> [Exercise objective]: Find the line in the entries below that contains "Entä jos haluat". Repeat it exactly, and every line after it through the line that contains "- Definición de".

> [Recorded data]:
--
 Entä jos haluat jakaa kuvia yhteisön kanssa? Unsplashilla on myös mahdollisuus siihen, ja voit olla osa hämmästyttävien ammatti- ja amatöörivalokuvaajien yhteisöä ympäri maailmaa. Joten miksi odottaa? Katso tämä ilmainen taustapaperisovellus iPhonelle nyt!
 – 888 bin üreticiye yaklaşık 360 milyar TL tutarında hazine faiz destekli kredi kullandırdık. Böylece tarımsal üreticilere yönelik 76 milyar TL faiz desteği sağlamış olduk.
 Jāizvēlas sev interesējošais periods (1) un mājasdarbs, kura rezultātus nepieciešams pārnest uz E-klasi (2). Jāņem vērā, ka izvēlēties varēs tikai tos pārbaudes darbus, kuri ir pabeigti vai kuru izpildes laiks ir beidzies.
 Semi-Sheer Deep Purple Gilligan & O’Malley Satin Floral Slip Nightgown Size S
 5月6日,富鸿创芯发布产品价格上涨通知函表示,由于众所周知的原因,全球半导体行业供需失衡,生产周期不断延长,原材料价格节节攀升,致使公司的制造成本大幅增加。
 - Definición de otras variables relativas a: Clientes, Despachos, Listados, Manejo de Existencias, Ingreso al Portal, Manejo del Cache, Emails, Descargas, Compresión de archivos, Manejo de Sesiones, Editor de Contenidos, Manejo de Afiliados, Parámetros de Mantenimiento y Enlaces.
--
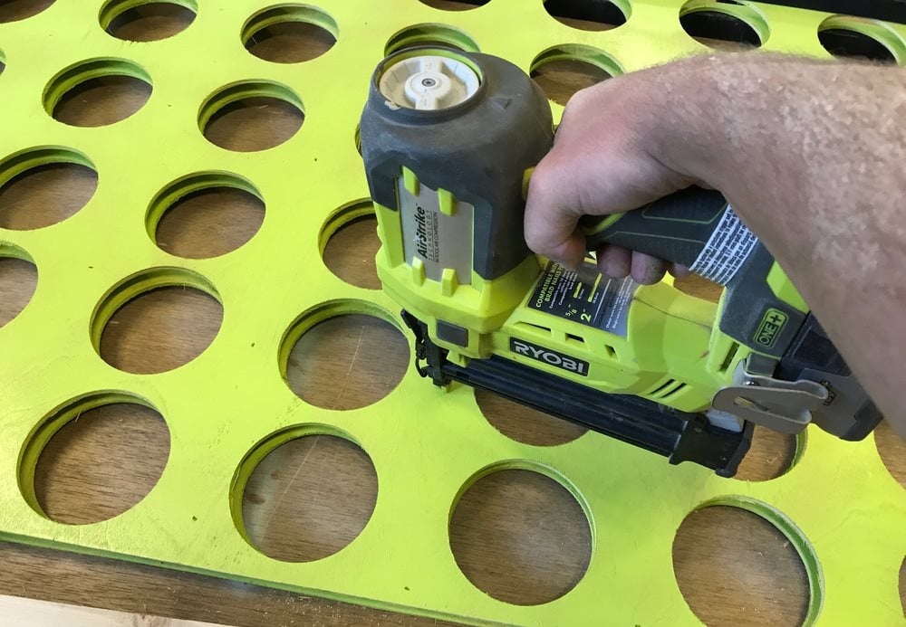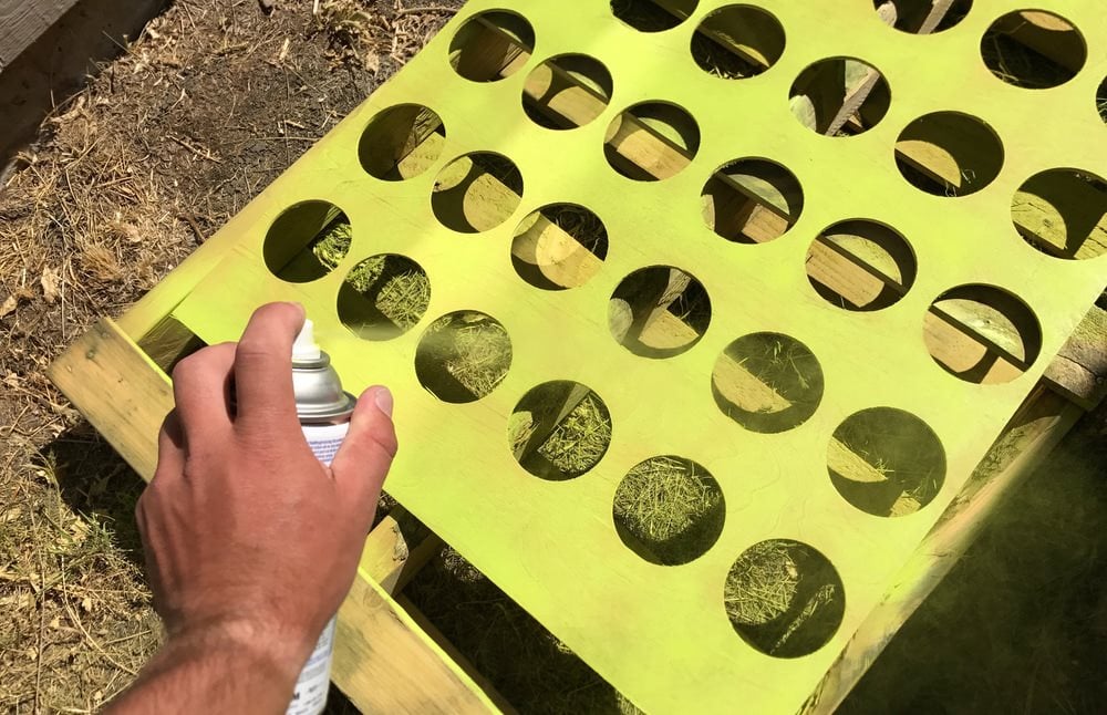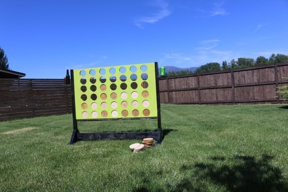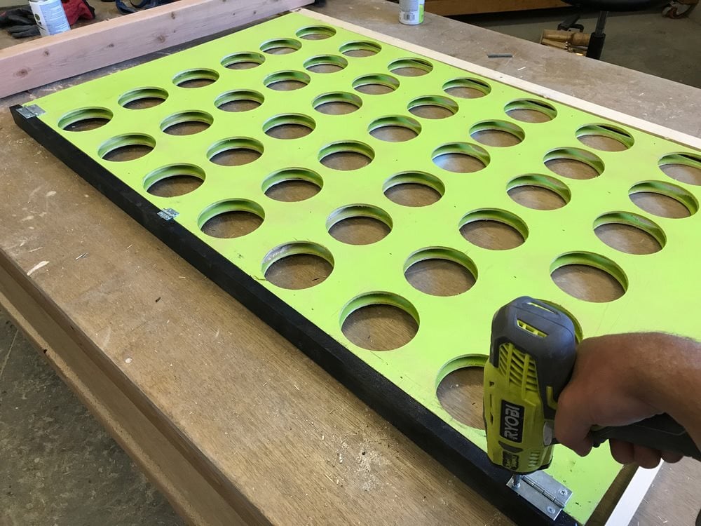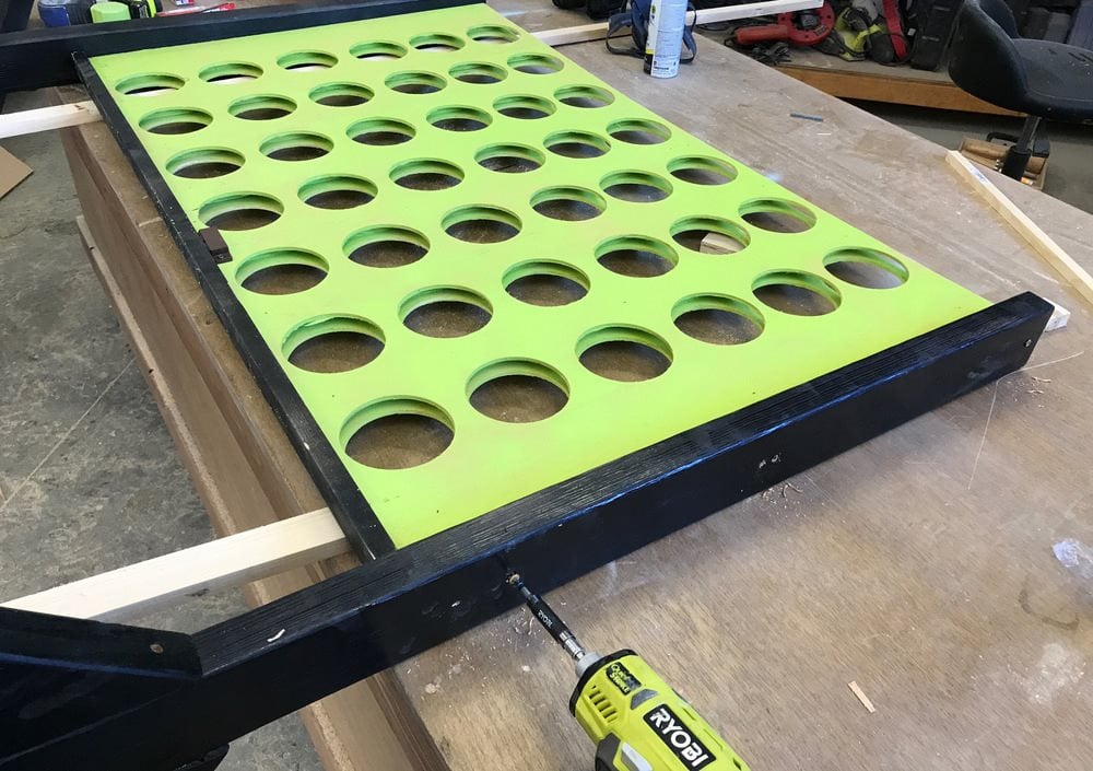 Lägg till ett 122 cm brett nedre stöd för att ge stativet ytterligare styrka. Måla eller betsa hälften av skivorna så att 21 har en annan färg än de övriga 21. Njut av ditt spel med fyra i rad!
--
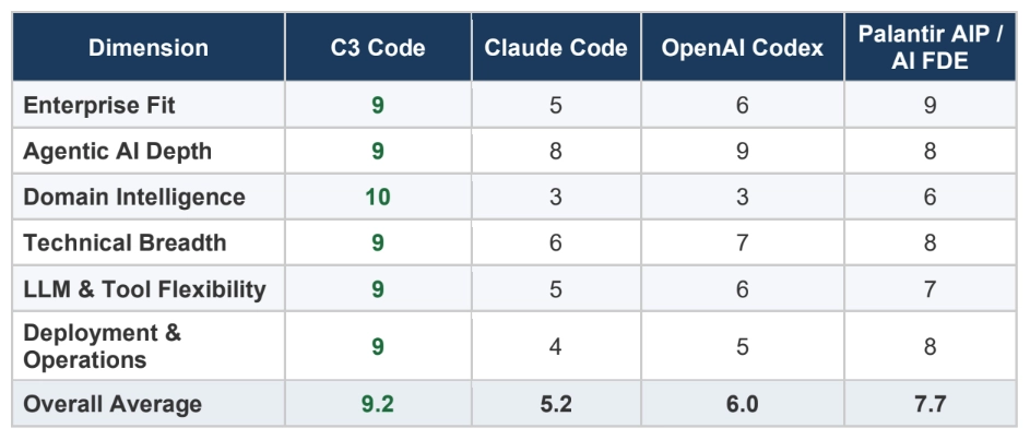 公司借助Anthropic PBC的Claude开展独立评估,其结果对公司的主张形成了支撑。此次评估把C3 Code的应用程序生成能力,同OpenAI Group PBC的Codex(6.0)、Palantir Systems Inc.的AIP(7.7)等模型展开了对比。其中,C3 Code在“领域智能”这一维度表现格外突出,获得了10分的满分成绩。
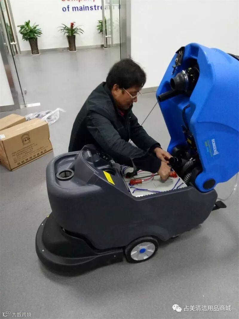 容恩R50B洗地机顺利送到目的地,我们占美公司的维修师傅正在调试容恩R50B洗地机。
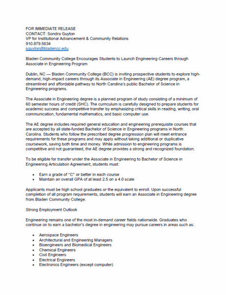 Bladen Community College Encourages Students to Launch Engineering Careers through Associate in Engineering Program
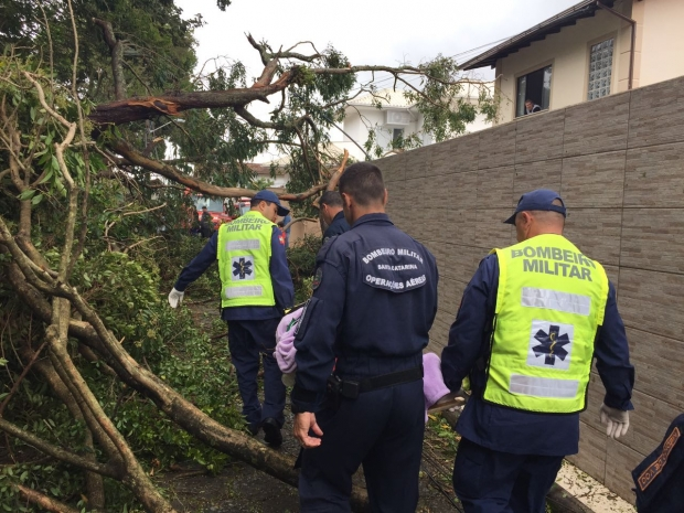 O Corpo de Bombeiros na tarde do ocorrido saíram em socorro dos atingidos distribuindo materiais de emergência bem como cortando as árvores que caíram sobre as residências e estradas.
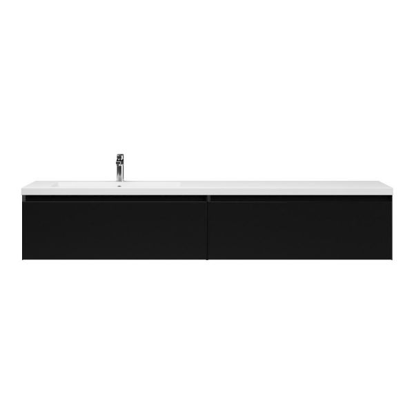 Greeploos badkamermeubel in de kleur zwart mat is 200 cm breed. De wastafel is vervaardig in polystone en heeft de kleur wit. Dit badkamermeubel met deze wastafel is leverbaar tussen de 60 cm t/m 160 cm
--
> [Response below]:
 Entä jos haluat jakaa kuvia yhteisön kanssa? Unsplashilla on myös mahdollisuus siihen, ja voit olla osa hämmästyttävien ammatti- ja amatöörivalokuvaajien yhteisöä ympäri maailmaa. Joten miksi odottaa? Katso tämä ilmainen taustapaperisovellus iPhonelle nyt!
 – 888 bin üreticiye yaklaşık 360 milyar TL tutarında hazine faiz destekli kredi kullandırdık. Böylece tarımsal üreticilere yönelik 76 milyar TL faiz desteği sağlamış olduk.
 Jāizvēlas sev interesējošais periods (1) un mājasdarbs, kura rezultātus nepieciešams pārnest uz E-klasi (2). Jāņem vērā, ka izvēlēties varēs tikai tos pārbaudes darbus, kuri ir pabeigti vai kuru izpildes laiks ir beidzies.
 Semi-Sheer Deep Purple Gilligan & O’Malley Satin Floral Slip Nightgown Size S
 5月6日,富鸿创芯发布产品价格上涨通知函表示,由于众所周知的原因,全球半导体行业供需失衡,生产周期不断延长,原材料价格节节攀升,致使公司的制造成本大幅增加。
 - Definición de otras variables relativas a: Clientes, Despachos, Listados, Manejo de Existencias, Ingreso al Portal, Manejo del Cache, Emails, Descargas, Compresión de archivos, Manejo de Sesiones, Editor de Contenidos, Manejo de Afiliados, Parámetros de Mantenimiento y Enlaces.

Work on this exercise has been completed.